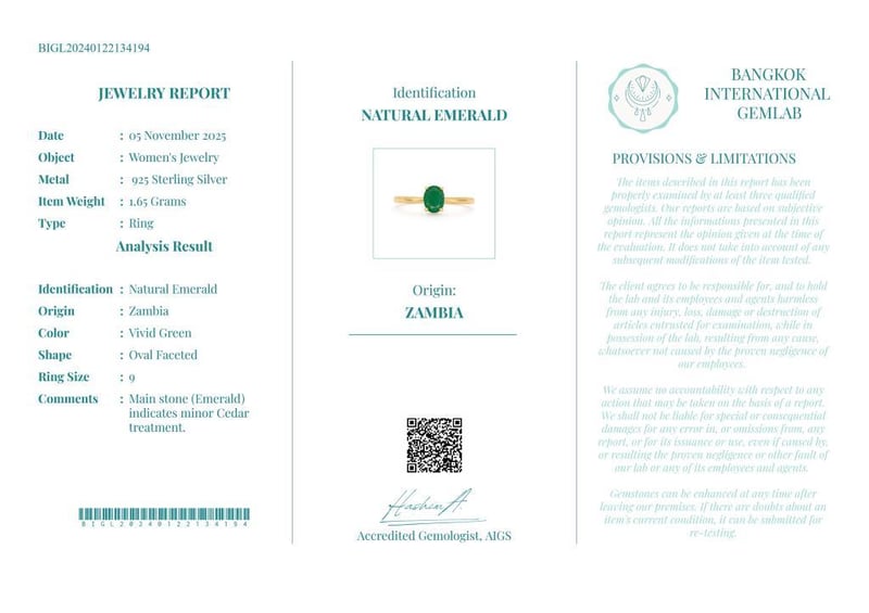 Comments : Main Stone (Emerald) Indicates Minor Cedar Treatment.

...

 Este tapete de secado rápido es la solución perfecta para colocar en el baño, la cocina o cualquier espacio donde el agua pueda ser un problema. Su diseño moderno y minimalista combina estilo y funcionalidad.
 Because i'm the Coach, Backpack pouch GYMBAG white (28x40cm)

> **EXERCISE REQUIREMENTS**: The lines above, starting at the one with "Este tapete de" and ending at the one with "Because i'm the", are the only ones to return, exactly as written.

> **RESPONSE AREA**:
 Este tapete de secado rápido es la solución perfecta para colocar en el baño, la cocina o cualquier espacio donde el agua pueda ser un problema. Su diseño moderno y minimalista combina estilo y funcionalidad.
 Because i'm the Coach, Backpack pouch GYMBAG white (28x40cm)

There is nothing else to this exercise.